1683Cross Generational Simulating/Comparisons

Expand Messages
  • bchaikin@aol.com
    Jan 23, 2003
    • 0 Attachment
      Over at apbr_analysis, we've discussed the cross generational
      comparison of players and teams and I think we reached the conclusion
      that such comparisons are difficult or impossible to ground-truth. 
      There were some dissenters who we may just kill off. 

      now why would you want to go and do that? if everyone agreed with you, what fun would these discussion groups be?.....

      and who is "we"? i certainly don't agree with any conclusion stating that directly comparing players over the past 40-45 years in the NBA is "...difficult or impossible...". on the contrary, i find it fairly easy......

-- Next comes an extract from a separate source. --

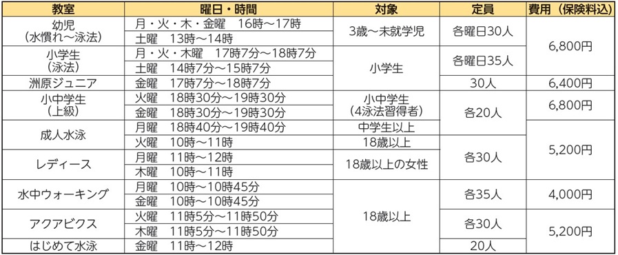 ※11月3日(月)から各教室開始日の前日までに、費用を洲原温水プールへ。

      i've read every single post on both discussions groups since this discussion on "...are the players of today better than the players of yesterday..." and, more exactly, "...how could we simulate cross-generational pro basketball..." began a number of weeks ago, patiently waiting for any kind of proof or evidence in terms of some discussion stating why players cannot be compared directly over the past decades, and while i have heard a number of people state it can't, or shouldn't be done, i haven't seen any definitive reasons why. i remain wholely unconvinced by the arguements presented so far, and would love to debate any discussion that actually trys to explains why it can't be done accurately using the actual stats...

      i've posted a number of similar questions to the group concerning this exact topic and they have to this point been completely ignored, such as:

      "...if players over the past 40-45 years (actually since the mid to late 1950s) cannot be compared directly, explain where the cutoff is, or cutoffs are, and why?..."

      can players be compared directly (or simulated directly against, using actual statistics) from the 1990s to the 1980s, or from the 1990s or 1980s to the 1970s, from any of those 3 decades to the 1960s, and from any of those four decades to the mid to late 1950s. if not, where does any cutoff exist and why?..."...

      if players/teams from the 1990s can be compared directly with players/teams from the 1980s, why? if not, why not? what is the reasoning, or evidence? same for the other decades? can players from the mid to late 1950s be compared directly to the players of the 1960s? if so, why? if not why not?...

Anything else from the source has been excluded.